Cape Town

Officials of a US foundation that has raised $1 million to prevent paediatric AIDS in Africa are expressing concern at a statement from the health ministers of Southern African countries raising questions about the use of the anti-retroviral agent AZT and the cheaper alternative nevirapine.

The California-based Elizabeth Glaser Paediatric Trust has earmarked $1 million for paediatric AIDS prevention in Africa using nevirapine, which is less expensive than AZT and simpler to administer.

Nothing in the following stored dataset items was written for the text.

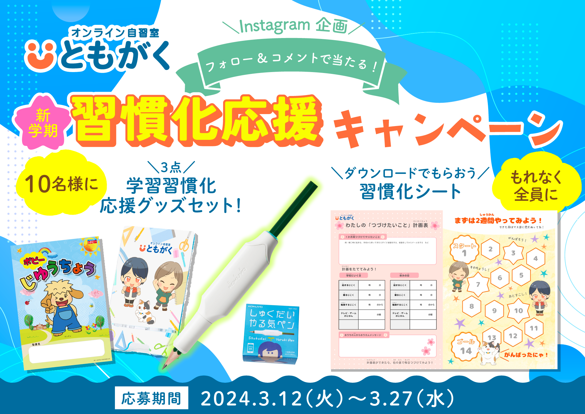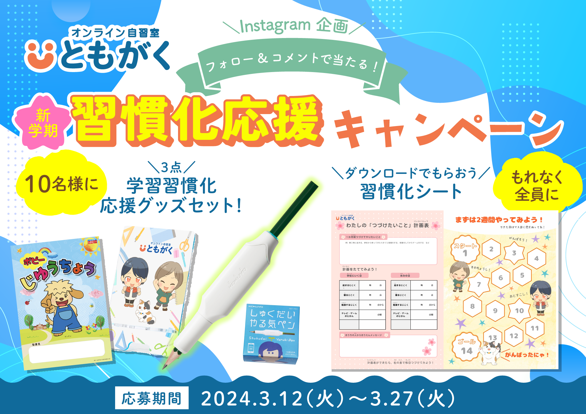 テーマは「習慣化」。ともがくでも、新学年になる4月からの家庭学習の「習慣化」をサポートしていきますが、学習習慣以外にも、生活の様々な場面で、習慣化が必要になってくることが、新学年の4月からは多く出てきます。よって、本キャンペーンでは、「生活習慣化・学習習慣化など、新学年で頑張って習慣化をめざすこと」をInstagramのコメントにて募集いたします。
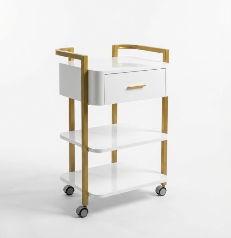 Kosmetologinis vežimėlis su stalčiumi, baltos spalvos su auksiniu rėmu
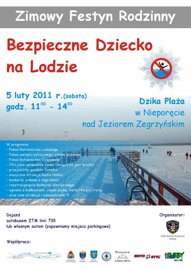 Pokaz ratownictwa lodowego, pokaz sprzętu policyjnego i straży pożarnej, pokaz ratownictwa drogowego oraz wiele innych atrakcji czeka na uczestników zimowego festynu rodzinnego "Bezpieczne Dziecko na Lodzie".

A single dose to mothers at the onset of labour, and a single dose to the baby in its first three days of life, cost less than $4 per treatment.

But this initiative could suffer as the result of a joint statement issued by the health ministers of South Africa, Botswana, Zambia, Namibia, Mozambique, Swaziland, Lesotho, Zimbabwe, Malawi, Tanzania, Angola and Rwanda at a meeting in Johannesburg this month held to discuss a coordinated response on HIV/AIDS.

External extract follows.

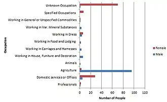 The graph shows the occupations of the citizens of Sibton in 1881 and the main occupation was in agricultural work, with 96 men and three women working in this sector. The second highest sector was in domestic service or offices. Census information from 1831 states that nearly three quarters (91 people) of Sibton's population was a labourer or a servant and 21 people were employers or professionals.[7] This is similar to the 1881 occupation statistics which showed that 99 people worked in agriculture, which is a similar figure for how many labourers there were in 1831 suggesting there was little change in these years. However, in 2011 the occupation statistics of the parish were very different, with just seven people working in agriculture. The highest sector of employment for Sibton in 2011 was people working in accommodation or food industry, with fifteen people working in this industry.[8]

The ministers acknowledged that administering either drug can approximately halve the numbers of HIV-positive children born to mothers who are HIV positive.

But they expressed “grave concern over possible side effects as a result of their toxicity and the potential development of resistance to these compounds”. They felt it was necessary to research the effects of “unnecessary exposure of children and mothers to these drugs”.

This action is understood to have been heavily influenced by the South African government's position (see Nature 402, 225; 1999). In South Africa, 22 per cent of women attending antenatal clinics, and seven per cent of new babies, are HIV infected.

Both AZT and the oral form of nevirapine are registered with South Africa's Medicines Control Council. But it is understood that the suspension form of nevirapine, which is administered to infants, has not yet been submitted to the council for registration.